A ban on serving ham and cheese toasties in school canteens sparked outrage over the weekend.
And now state education officials have called for fairy bread to be canned, too.
South Australia’s Department of Education says sparklers should not be provided or provided in the state’s public schools, according to its Right Bite healthy food and drink guidelines.
The South Australian government has said the guidelines are just that: guidelines and not a ban.
The government also said the guidelines do not apply to what parents carry in their children’s school lunchboxes.
The news comes after Western Australia banned toasted ham and cheese sandwiches in all public schools in a bid to reduce consumption of processed meats, which can lead to a higher risk factor for developing bowel cancer.
South Australia has demonized a childhood favorite food, placing it on the red list. It is not only prohibited in schools, but also at sports carnivals and after school care (stock image of a girl enjoying fairy bread)
School children in South Australia (file photo pictured) can no longer have access to their beloved fairy bread in the canteen or at parties or class rewards.
Adelaide dietician Mattea Palombo, who encourages a balanced diet, said The advertiser Removing candy gave the kids the wrong impression.
“We are sending a message to children and also to parents that they should restrict themselves, which prioritizes foods and only makes children want them more,” he said.
Palombo said sprinkled bread is a “happy” food and is linked to joyful childhood memories.
The nutritionist agrees that it may not provide the same nutritional value as fruits and vegetables, but it should not be prohibited if it is part of a healthy diet.

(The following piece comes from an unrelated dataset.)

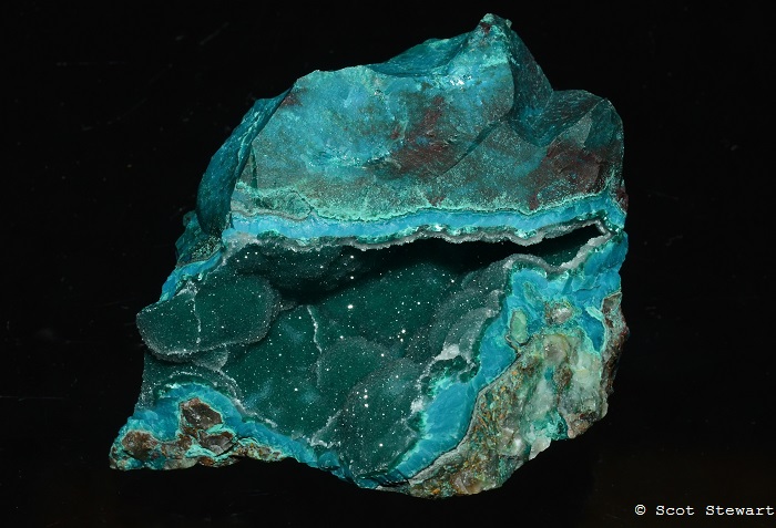 Chrysocolla Cu2-xAlx(H2xSi2O5)(OH)4-nH2O (x<1)11>, with Malachite II, Kolwezi, Katanga, Democratic Republic of Congo, Ex Renaud Vochten

South Australian School Parents Community Association president Jenice Zerna said she was devastated by the fairy bread ban and said she would prefer to give her granddaughter a slice rather than a packet of crisps.
“And for some parents, something like fairy bread might be the only cost-effective thing they can afford to supply for that party or fundraiser,” she said.
Zerna agreed that healthy guidelines need to be in place, but sees no harm in bringing them to school on special occasions, such as parties.
Fairy bread is just one of many items that, according to Right Bite guidelines, should not be available in South Australian schools.
Foods are divided into four categories: green for the best options, amber for those that must be chosen carefully, and red 1 for items that can only be eaten twice a quarter in the “smallest portion available.”
Red 2 is for items that can never be sold or supplied on any occasion.
The strict guidelines were updated last June and do not only apply to primary and secondary school cafeterias.
This magical childhood food is nostalgic and many believe there is nothing wrong with enjoying it on special occasions, such as school parties.
They are also applicable at fundraising events and sporting carnivals, field trips, camps, out-of-school-hours care (OSHC), and classroom rewards and incentives.
Other 2 red items include hot chips, fried foods, sugary ice blocks and sweets, including chocolate alternative carob.
Cakes, sausage rolls and favorite sandwich fillings such as honey and jam are on red list 1 and must only be sold or offered at special school events twice a term.
The green list includes bread, canned fish, low-fat natural milk and cottage cheese.
The guidelines say green list foods should make up 60 percent of what is sold in school cafeterias.
South Australian Education Minister Blair Boyer said the guidelines were developed to help teach young children about healthy eating.
“Preventive education is always the best way to instill healthy eating habits, and the Right Bite resource is designed as a practical strategy to help schools,” she said.
Health advocate and 2020 Australian of the Year Dr James Muecke said the guidelines were based on outdated information.
Muecke believed it is not enough to stop obesity and type two diabetes, and said it was necessary to include a program warning schoolchildren about the dangers of red foods.